▸ **PROBLEM TO WORK ON**: Below this line is a listing that includes pictures. Copy exactly, and only, the lines from the one containing "家駿穿了一身吊嘎仔、短褲,腳" through the one containing "A primeira pesquisa"; the pictures do not go in the copy.

Segment Start: STORED DATA

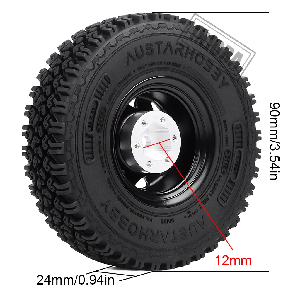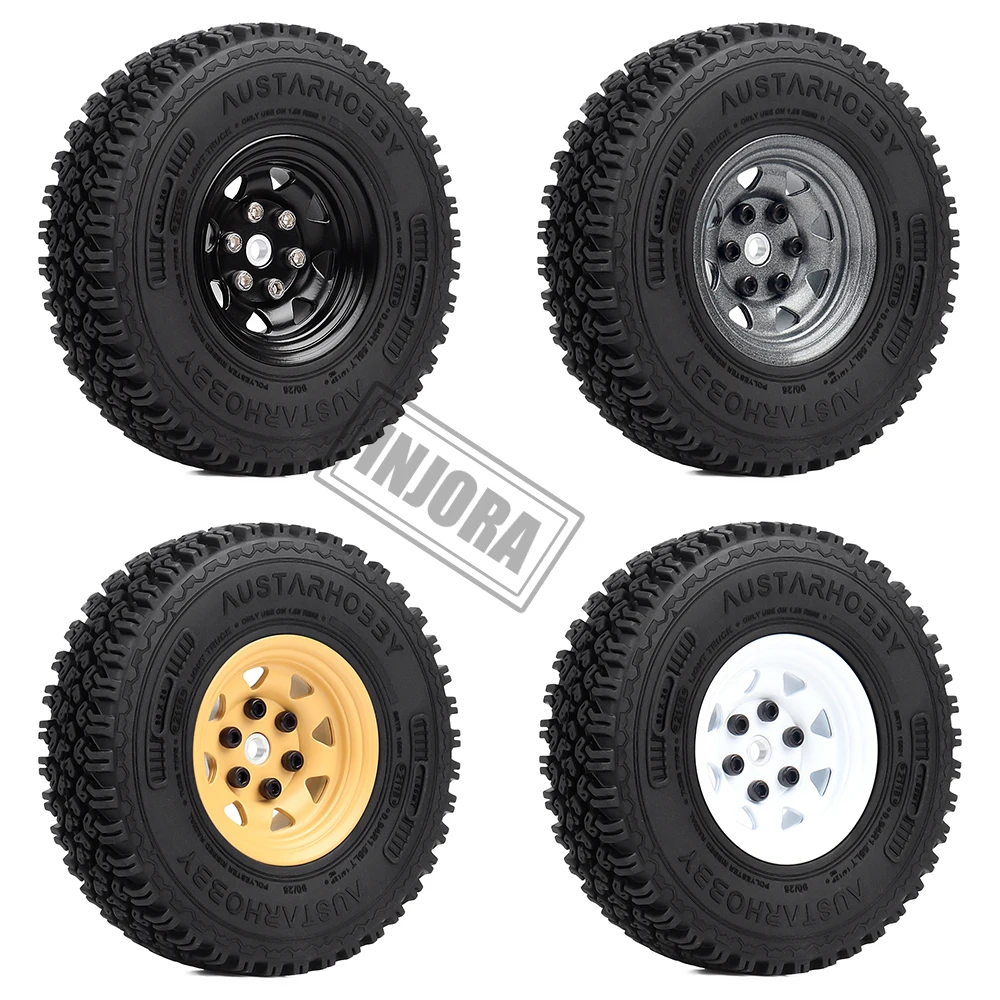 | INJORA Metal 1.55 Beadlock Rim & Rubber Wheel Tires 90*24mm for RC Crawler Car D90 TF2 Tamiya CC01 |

Segment End: STORED DATA
Segment Start: STORED DATA

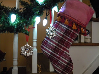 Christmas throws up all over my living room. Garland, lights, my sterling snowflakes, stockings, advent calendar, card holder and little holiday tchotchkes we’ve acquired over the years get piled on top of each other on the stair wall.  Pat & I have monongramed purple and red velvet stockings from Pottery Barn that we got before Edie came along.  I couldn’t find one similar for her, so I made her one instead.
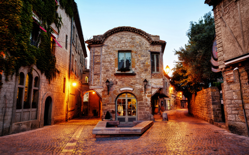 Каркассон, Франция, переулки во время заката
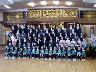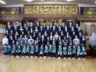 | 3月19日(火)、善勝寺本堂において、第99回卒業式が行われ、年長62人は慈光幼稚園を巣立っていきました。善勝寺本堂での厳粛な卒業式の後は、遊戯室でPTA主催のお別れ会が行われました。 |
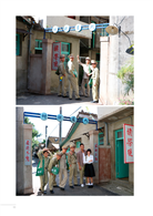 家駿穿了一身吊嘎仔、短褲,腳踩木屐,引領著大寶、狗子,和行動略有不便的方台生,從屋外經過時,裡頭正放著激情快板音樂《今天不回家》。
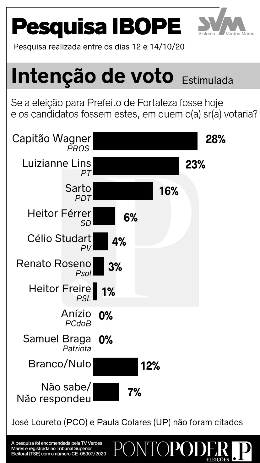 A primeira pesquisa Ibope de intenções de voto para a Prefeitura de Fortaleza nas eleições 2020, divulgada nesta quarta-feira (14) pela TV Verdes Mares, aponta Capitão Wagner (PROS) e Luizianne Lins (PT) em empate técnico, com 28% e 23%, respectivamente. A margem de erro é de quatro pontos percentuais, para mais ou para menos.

Segment End: STORED DATA

▸ **WRITTEN ANSWER**:
 家駿穿了一身吊嘎仔、短褲,腳踩木屐,引領著大寶、狗子,和行動略有不便的方台生,從屋外經過時,裡頭正放著激情快板音樂《今天不回家》。
 A primeira pesquisa Ibope de intenções de voto para a Prefeitura de Fortaleza nas eleições 2020, divulgada nesta quarta-feira (14) pela TV Verdes Mares, aponta Capitão Wagner (PROS) e Luizianne Lins (PT) em empate técnico, com 28% e 23%, respectivamente. A margem de erro é de quatro pontos percentuais, para mais ou para menos.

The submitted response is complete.